= ASSIGNMENT =
Set down the data below in full, exactly as it reads, but without the pictures.

= GIVEN INFORMATION =
::::::::

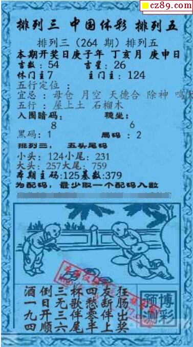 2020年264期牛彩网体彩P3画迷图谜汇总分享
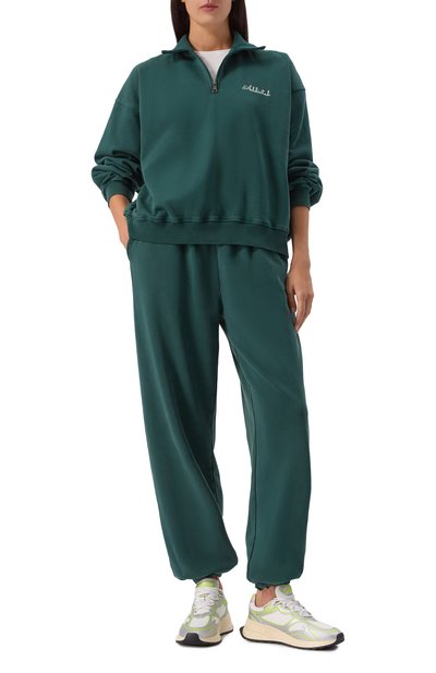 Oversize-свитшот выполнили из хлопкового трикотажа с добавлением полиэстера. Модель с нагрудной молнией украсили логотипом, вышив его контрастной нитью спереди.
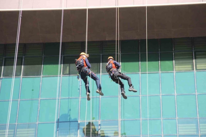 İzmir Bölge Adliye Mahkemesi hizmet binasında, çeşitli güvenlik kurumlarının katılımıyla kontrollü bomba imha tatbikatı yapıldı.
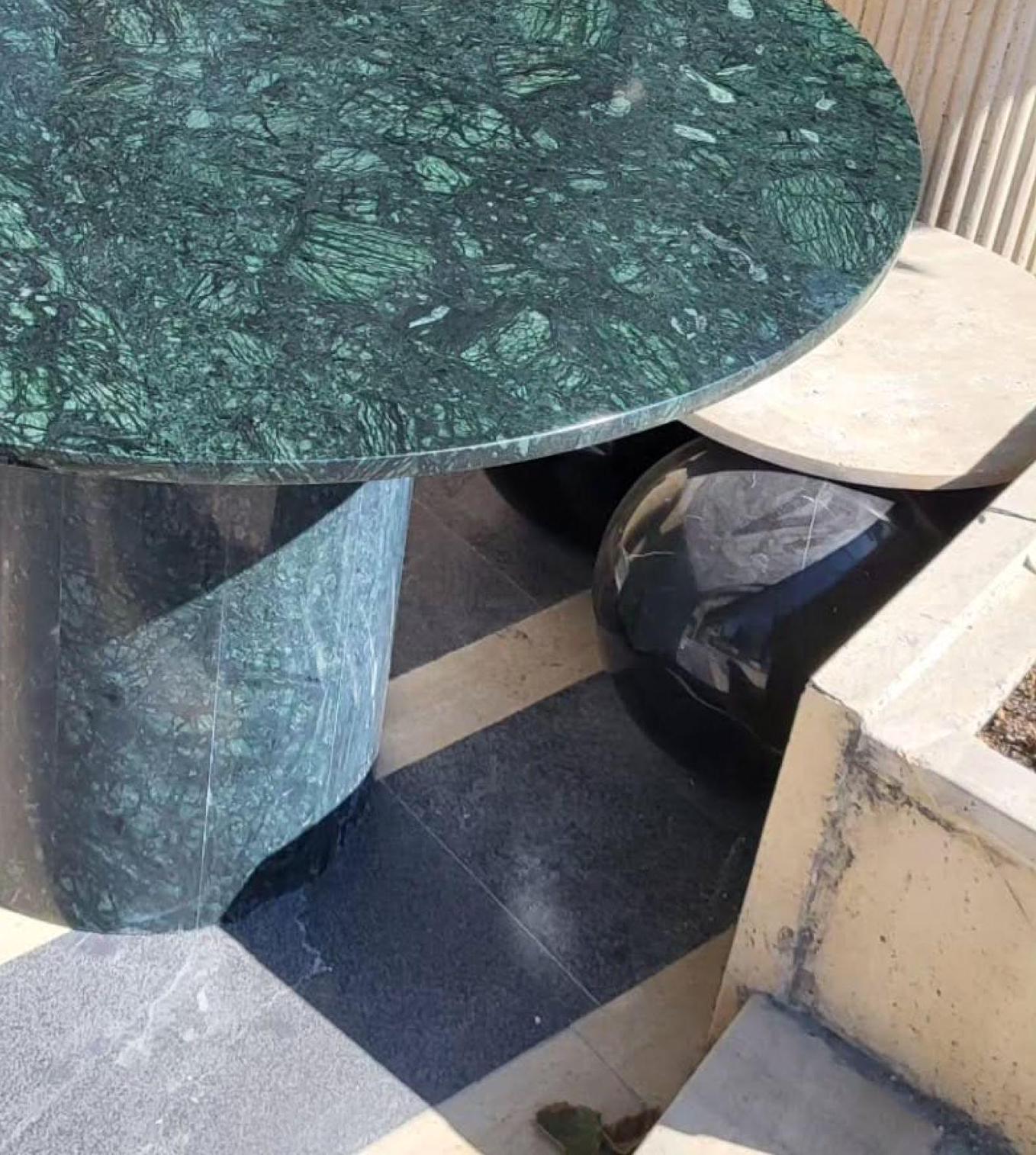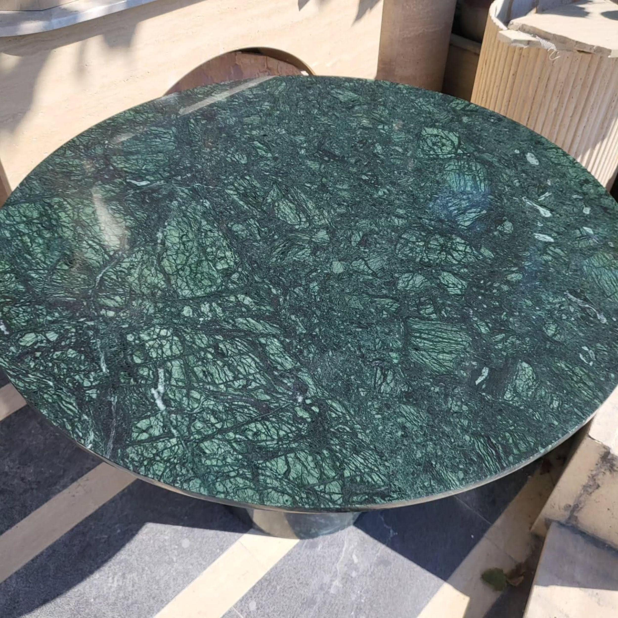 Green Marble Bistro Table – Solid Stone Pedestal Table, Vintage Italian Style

::::::::

= WORKED SOLUTION =
 2020年264期牛彩网体彩P3画迷图谜汇总分享
 Oversize-свитшот выполнили из хлопкового трикотажа с добавлением полиэстера. Модель с нагрудной молнией украсили логотипом, вышив его контрастной нитью спереди.
 İzmir Bölge Adliye Mahkemesi hizmet binasında, çeşitli güvenlik kurumlarının katılımıyla kontrollü bomba imha tatbikatı yapıldı.
 Green Marble Bistro Table – Solid Stone Pedestal Table, Vintage Italian Style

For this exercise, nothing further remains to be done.